Create the following object prompts:

  • Choose a base fact. This object prompt asks the user to select a fact: Revenue, Profit, or Units Sold.

  • Choose a sample set level. This object prompt asks the user to select an attribute: Customer, Item, or Day.

    Once you have identified the basic fact and attribute to analyze, you can start building other objects. Take the following steps:

  1. Create a metric defined as follows:

    Sample Set Metric = Sum(?[Choose a base fact]){~, ?[Choose a sample set level]}

  2. To put the value in the proper buckets (tiles), create another metric defined as:

    Decile By Value = NTileValue<Segments=10> ([Sample Set Metric])

  3. Create a dynamic classification of the subject attribute (Customers, Item, or Day) by building a custom group using banding. Use the metric Decile By Value, the banding type "band count" and set the band count to 10, starting at 1 and stopping at 10.

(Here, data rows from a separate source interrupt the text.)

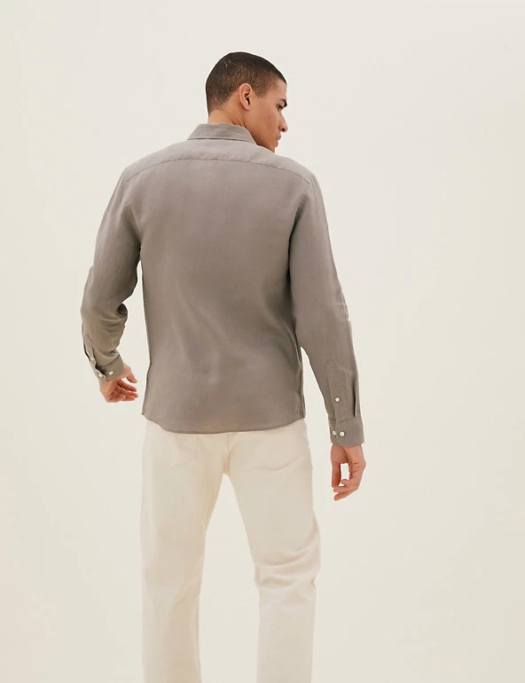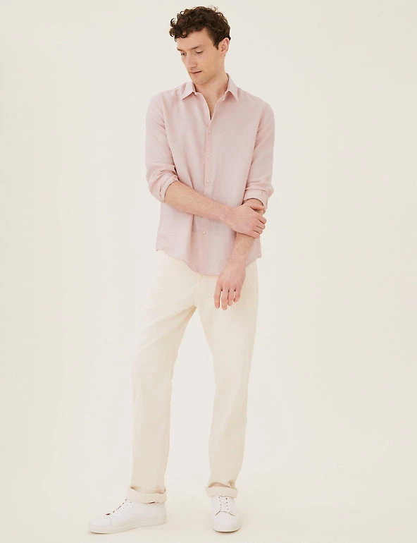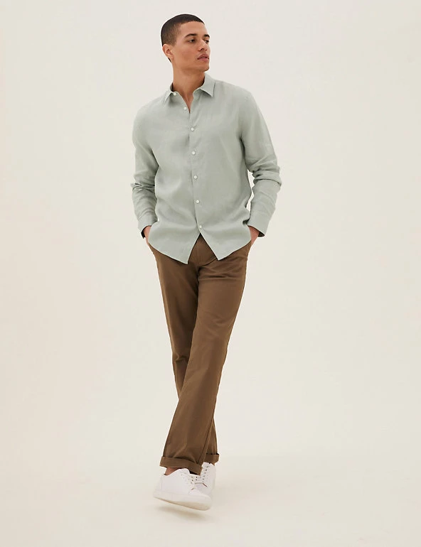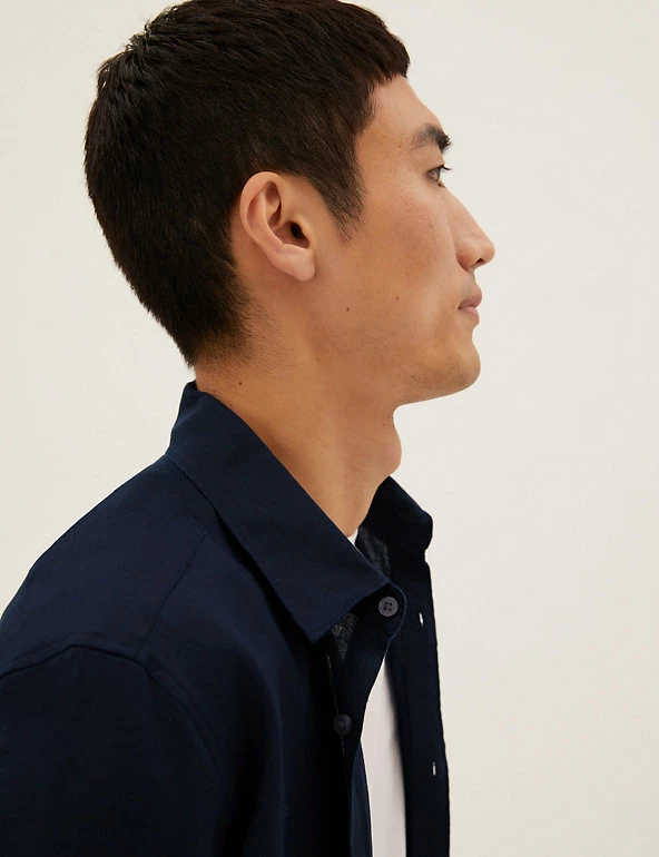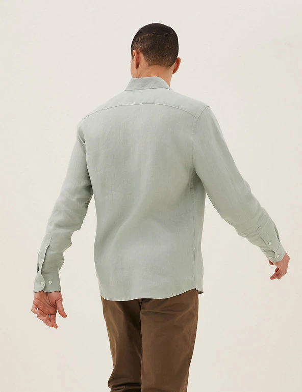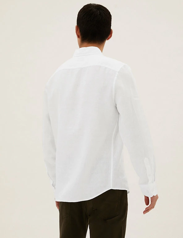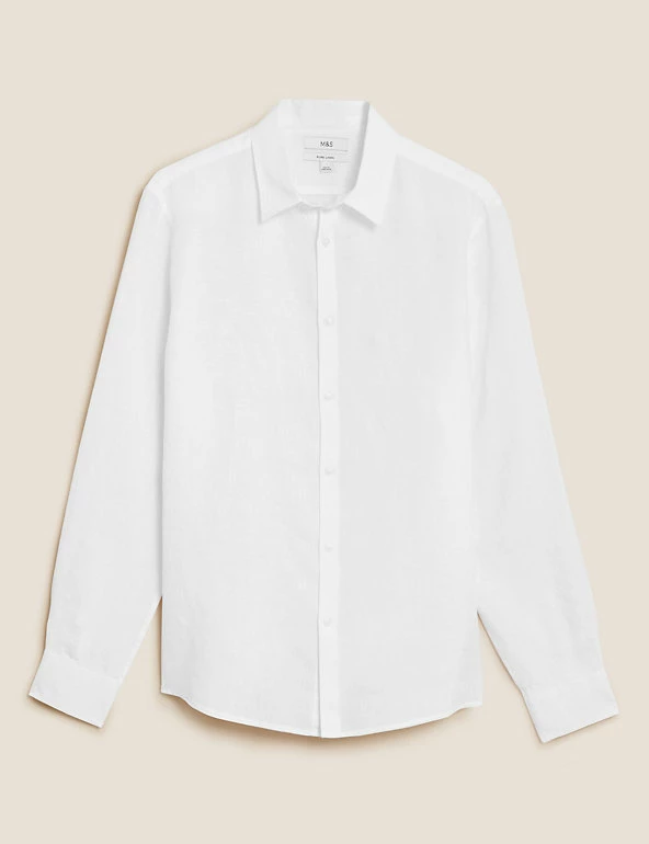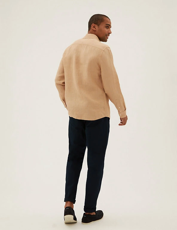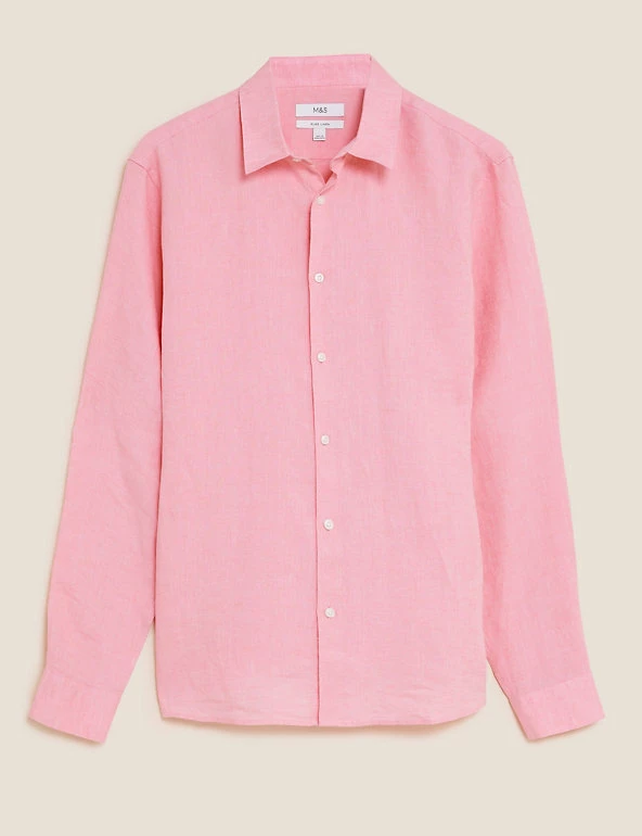 Choose this breathable pure linen shirt for smarter days. Regular fit with a classic collar and button-through fastening. Moisture-wicking fabric draws moisture away from your body, keeping you cool. An easy-iron finish means this shirt just needs a quick press and it’s good to go.
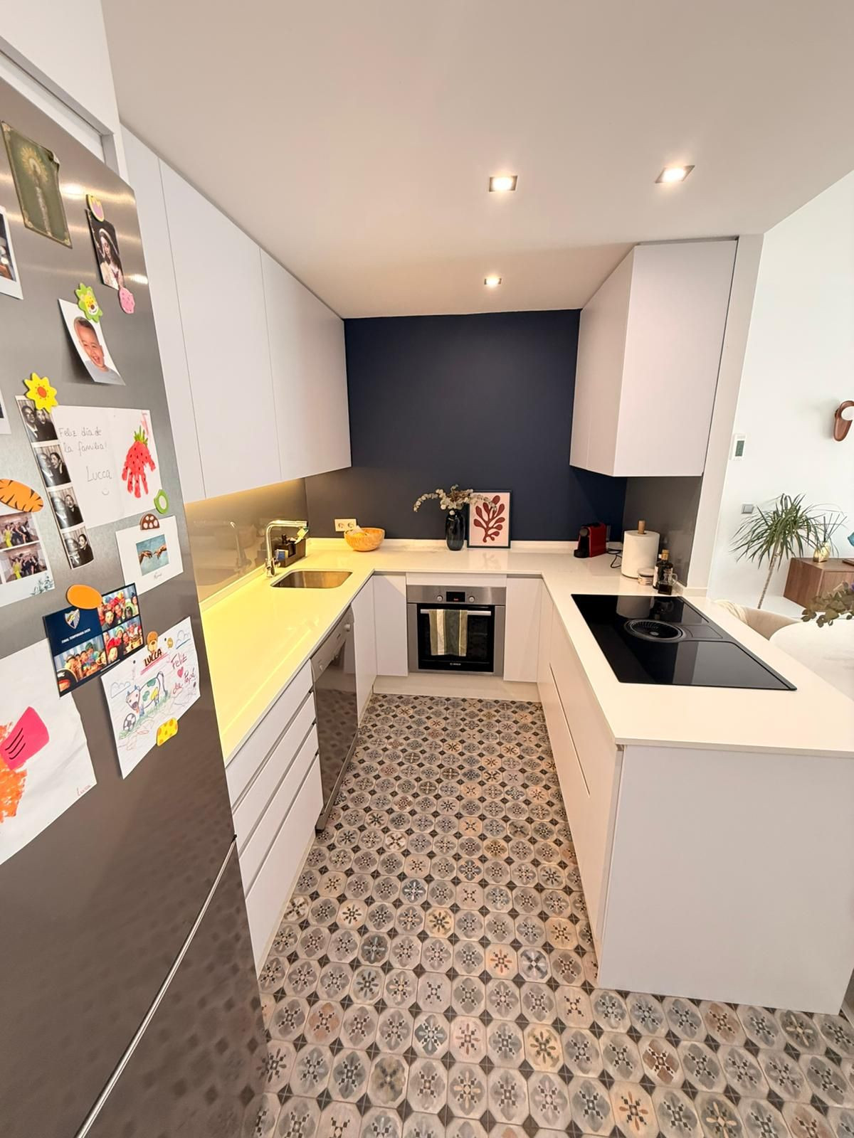 Modern open-plan kitchen, fully furnished and equipped with appliances
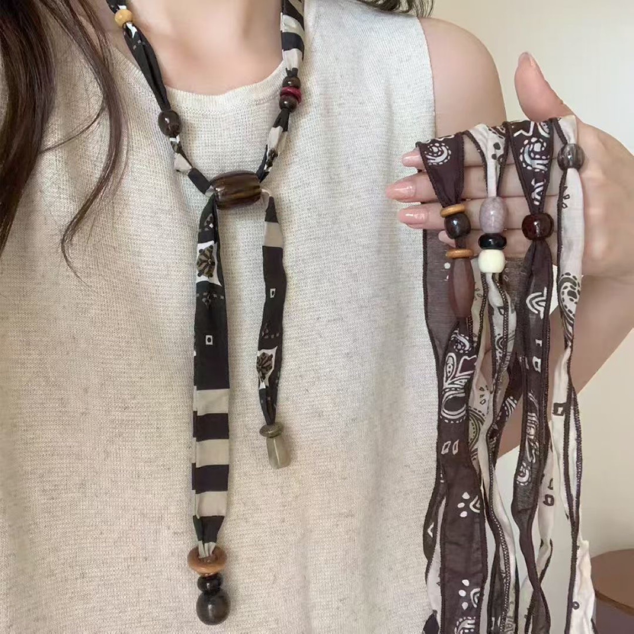 Bohemian Ethnic Style Cashew Silk Scarf Fabric Wooden Bead Necklace Women's Unique Design Sweater Chain Accessories Necklace
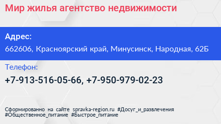 Мир жилья, агентство недвижимости по адресу 662606, Красноярский край, Минусинск, Народная, 62Б в дальнейшем Организация, размещена в следующих категориях:
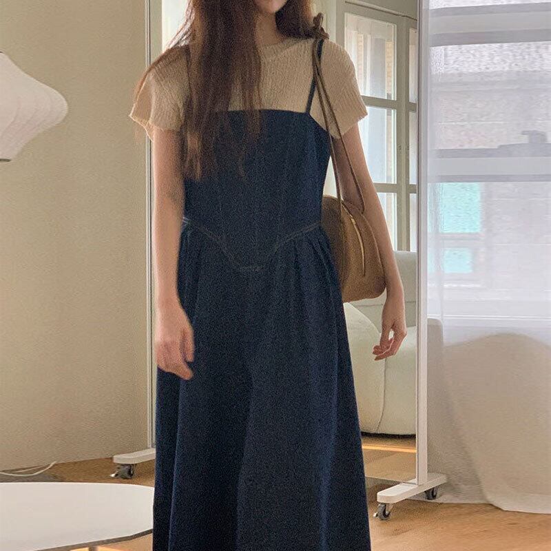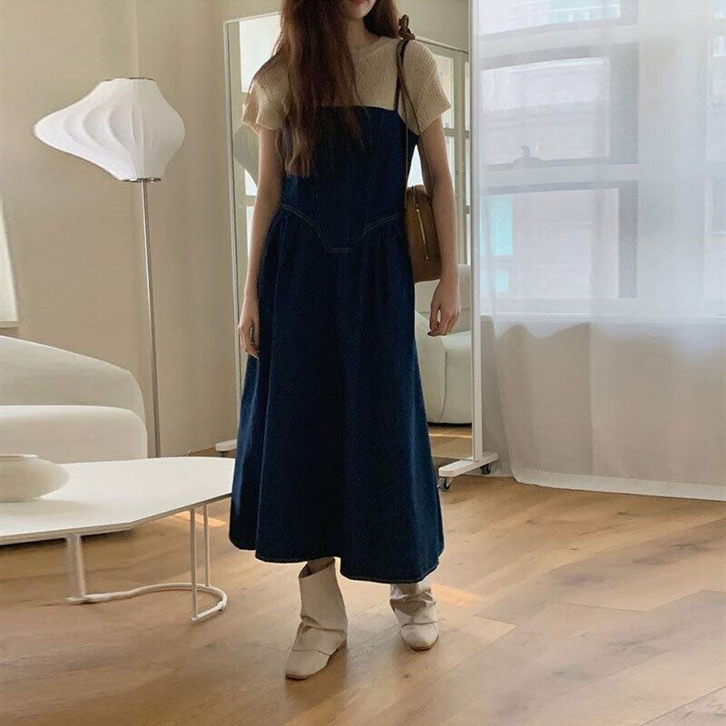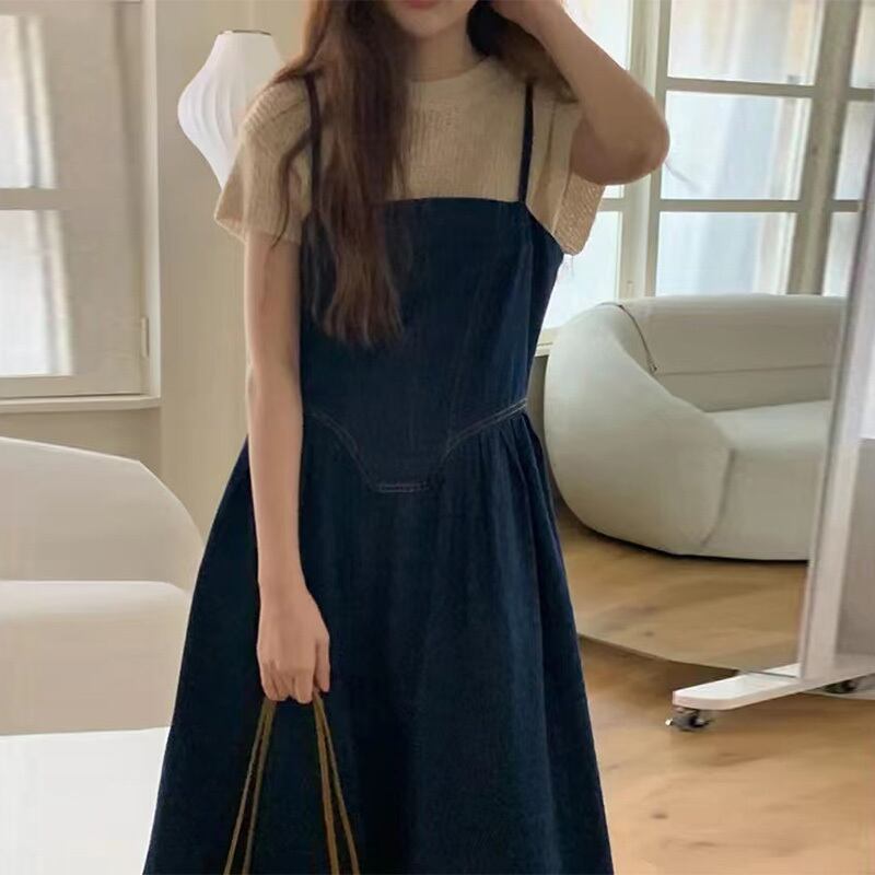合わせやすいニットセータートップス&無地ハイウエストデニムスリップカジュアルワンピース【DL-2726】
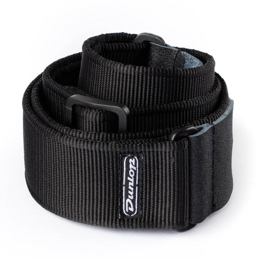 Premium Jim Dunlop D3809BK guitar strap featuring patented comfort edge webbing and 100% leather ends. This 2" wide strap combines original jacquar...
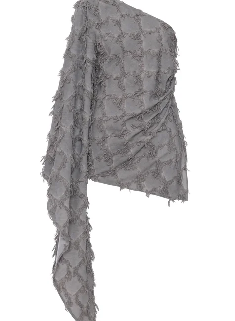 Blusa um ombro confeccionada em tecido Destroyed, que combina estrutura e textura. O modelo apresenta decote de manga única com comprimento alongado e abertura interna que forma uma fenda sutil. Abaixo do busto, o drapeado lateral acrescenta textura e movimento, enquanto a barra assimétrica em linha diagonal cria um visual moderno e marcante.

  4. Choose to show only individual items within this element since the objective is to build a graph (histogram) for this custom group.

  5. Count the number of elements in the new classification to display a histogram. To do this, create a dummy metric defined as follows:

    Count of Samples = Count(1){~}

  6. Since there is no column to perform the count, define the metric so that the database can calculate how many attribute elements are in each custom group element.
  7. Add the Decile by Value custom group to the row axis, and the Count of Samples metric to the column axis.
  8. Execute the report with attribute Customer and fact Revenue, and the Decile Histogram, in Grid mode, displays as follows:

    The same report, in graph mode, appears as follows:

    The SQL generated for the Decile by Histogram is as follows:

    Pass0 - Duration: 0:00:00.25
    select a11.[CUSTOMER_ID] AS CUSTOMER_ID,
    	a11.[TOT_DOLLAR_SALES] AS WJXBFS1
    from [CUSTOMER_SLS] a11
    Pass1 - Duration: 0:00:00.09
    create table ZZT1Y02011CMQ000 (
    	CUSTOMER_ID SHORT, 
    	DA56 LONG)
    Pass2 - Duration: 0:00:00.00
    [An Analytical SQL]
    Pass3 - Duration: 0:01:13.64
    insert into ZZT1Y02011CMQ000 values (1499, 1)
    Pass4 - Duration: 0:00:00.32
    select a11.[DA56] AS DA56,
    	count(1.0) AS WJXBFS1
    from [ZZT1Y02011CMQ000] a11
    group by a11.[DA56]
    Pass5 - Duration: 0:00:00.03
    drop table ZZT1Y02011CMQ000
  • Pass0 computes the revenue for each Customer using the Sample Set Metric.
  • The next three passes (Pass1, Pass2, and Pass3) prepare the dynamic classification of Customer for the custom group. This series of SQL passes essentially builds a dynamic lookup table for the classification that is requested. The column DA stands for Dynamic Attribute. The Intelligence Server computes the NTileValue function. This is indicated by [An Analytical SQL] in Pass3. The value is then inserted, with the new classification, into the dynamic lookup table for the custom group.
  • Pass4 calculates the number of customers that belong to each custom group element.
  • Pass5 drops the temporary table.